Relationship between Denoising AutoEncoder (DAE) and Score matching.

Parzen Kernel Estimation

Authors employ a parzen window in order to define some theorems quite strictly. Thus, I'm going to explain about this.

Parzen window is a simple concept for density estimation. In the paper, authors apply this concept to define expectations with probability density function, $q_\sigma (\tilde x)$ .

Parzen density estimation is defined with hyper-cube; Parzen window :

K = \Sigma^N_{n=1} k(x-x_n)\\[8pt] k(u) = \begin{cases} 1 & \text{if} \; |u_i|>{1\over2}h~~i=\{1,2,...,D\}, \\ 0 & \text{else}. \end{cases}\\[8pt] p(x) \approx {K\over NV}

In the above equation, N and K are the total amount of data and the number of data in the Parzen window, respectively. V and k are the volume of the Parzen window and the Parzen window, respectively.

Linear / Tied weights DAE

In the paper, they try to define the connection between score matching and denoising autoencoder. Therefore, I will introduce a Denoising Autoencoder (DAE).

As you can know by the name "DAE", this is a simple autoencoder trained with noisy input and clear ground truth. In this paper, the authors assume that the encoder and decoder are composed of a linear weight and are shared. Resultantly, the objective of this model can be defined as :

J_{\text{DAE}_{\sigma}}(\theta) = \mathbb{E}_{q_\sigma(\tilde x, x)} [||W^{T}\text{sigmoid}(W^T\tilde x + b)+c - x||^2]

Explicit Score Matching

Notations

$p(x;\theta)$ : probability density model
$p(x;\theta)={1\over Z(\theta)}\exp (-E(x;\theta))$
$E(x;\theta)$ : energy function

Langevin Sampling Method

In this section, I do not deal with the Metropolis-adjusted Langevin Algorithm.

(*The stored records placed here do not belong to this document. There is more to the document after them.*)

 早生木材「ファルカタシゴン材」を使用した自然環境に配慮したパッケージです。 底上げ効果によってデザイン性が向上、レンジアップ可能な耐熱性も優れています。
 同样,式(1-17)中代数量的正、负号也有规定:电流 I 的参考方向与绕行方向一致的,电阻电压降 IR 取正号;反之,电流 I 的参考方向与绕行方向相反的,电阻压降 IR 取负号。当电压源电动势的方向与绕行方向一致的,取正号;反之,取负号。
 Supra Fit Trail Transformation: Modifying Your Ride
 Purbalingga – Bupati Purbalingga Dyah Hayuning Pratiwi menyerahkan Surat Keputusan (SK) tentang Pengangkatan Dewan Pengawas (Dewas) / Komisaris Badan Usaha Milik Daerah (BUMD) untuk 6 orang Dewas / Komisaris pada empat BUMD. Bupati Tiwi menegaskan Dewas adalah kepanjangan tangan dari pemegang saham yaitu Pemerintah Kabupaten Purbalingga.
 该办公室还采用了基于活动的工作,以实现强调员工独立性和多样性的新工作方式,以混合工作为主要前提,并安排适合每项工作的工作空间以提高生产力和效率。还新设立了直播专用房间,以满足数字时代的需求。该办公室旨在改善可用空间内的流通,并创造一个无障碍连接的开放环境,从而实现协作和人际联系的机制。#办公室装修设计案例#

First of all, I introduce "overdamped Langevin Ito diffusion".
This is defined as $\dot X = \nabla \log p(X) + \sqrt 2 \dot W$ . In this definition, $\dot W$
is a Brownian motion. This means that the equation is a Markov chain and a stochastic process. In addition, a probability distribution of $X(t)$ would be $p(X)$ when $t\rightarrow\infin$ .

In order to use this method, we have to discretize this definition. Simply, we just apply Euler-Maruyama method.

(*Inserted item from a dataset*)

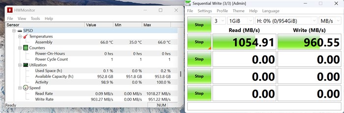 Totodată, am încercat să supun la mare stres SSD-ul și asta timp de câteva minute bune continuu. Temperaturile interne au ajuns la un maxim de 66 grade Celsius, ceea ce nu mi se pare exagerat, având în vedere că sarcina a fost de 100% pentru mai bine de 10 minute continuu, dar altceva contează mai tare, anume că nici când temperaturile interne au ajuns la cele maxime menționate, performanța nu a avut deloc de suferit.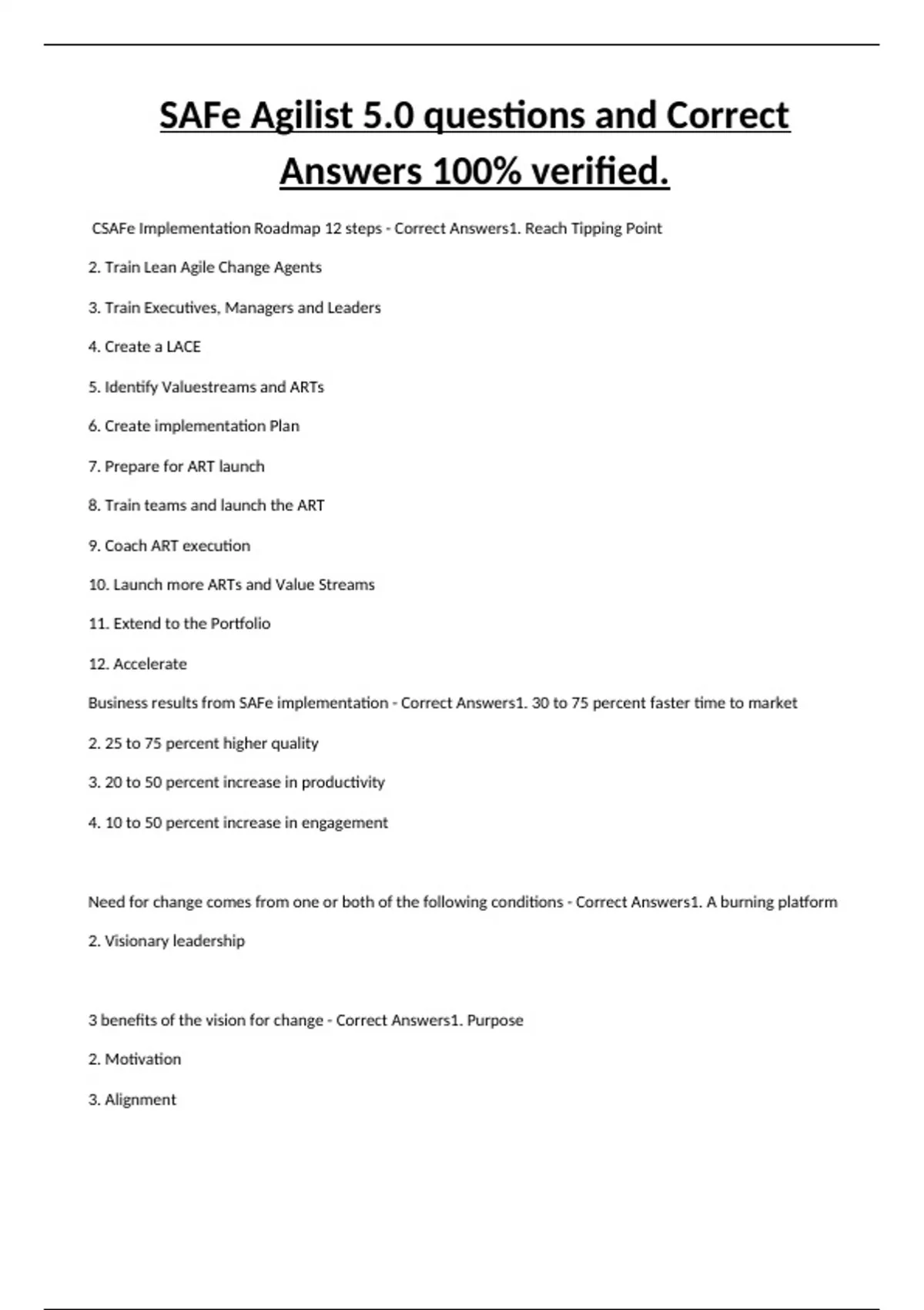 SAFe Agilist 5.0 questions and Correct Answers 100% verified.

X_{t+1}= X_t + \tau \nabla \log p(X) + \sqrt {2\tau} z ~, ~z\sim N(0, I)

ESM : Explicit Score Matching

A probability function can be expressed as $p(x;\theta)={1\over Z(\theta)}\exp (-E(x;\theta))$ . In the expression, $Z(\theta)$ requires high computational costs. Therefore, we need indirect methods in order to understand $p(x;\theta)$ . The score-matching method is one of these methods.
Original score functions are defined as $\partial \log p(x;\theta)\over \partial \theta$ , but the explicit score functions in this paper are defined as :

\phi(x;\theta) = {\partial \log p(x;\theta)\over \partial x}

If we can model this function well, we can generate clear samples using the Langevin sampling method. This is because score functions mean a gradient flow of log probability density. Thus, we can perform a gradient ascent of probability density through the Langevin sampling method.

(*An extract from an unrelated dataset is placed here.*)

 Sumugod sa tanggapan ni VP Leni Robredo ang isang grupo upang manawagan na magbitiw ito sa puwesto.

In order to train the score function, the objective can be defined as:

J_{ESM_{q}} = \mathbb{E}_{q(x)}[{1\over2}||\psi(X;\theta) - {\partial \log q(x)\over \partial x}||^2]

However, we cannot know $q(x)$ ... Therefore, we have to find other methods to model the score function.

Implicit Score Matching

Make a long story short, Implicit Score Matching (ISM) is a method to train score functions, and the objective is defined as:

J_{ISM_q} = \mathbb{E}_q[{1\over 2}||\psi(x;\theta)||^2+\sum^d_{i=1}{\partial \psi_i(x;\theta)\over \partial x_i}]

So, how can this term be derived? The details are in [Estimation of Non-Normalized Statistical Models by Score Matching : Theorem 1]. In this paper, authors prove that $J_{ESM_q} \smile J_{ISM_q}$ if some weak constraints are satisfied. $J_{ESM_q} \smile J_{ISM_q}$ means that these objectives result in same outcomes.

Proof:

In this proof, the last line has wrong sign. It must be $-\int {\partial q(x)\over \partial x}\psi(x;\theta) dx = \int {\partial \psi(x;\theta)\over \partial x} q(x) dx$ .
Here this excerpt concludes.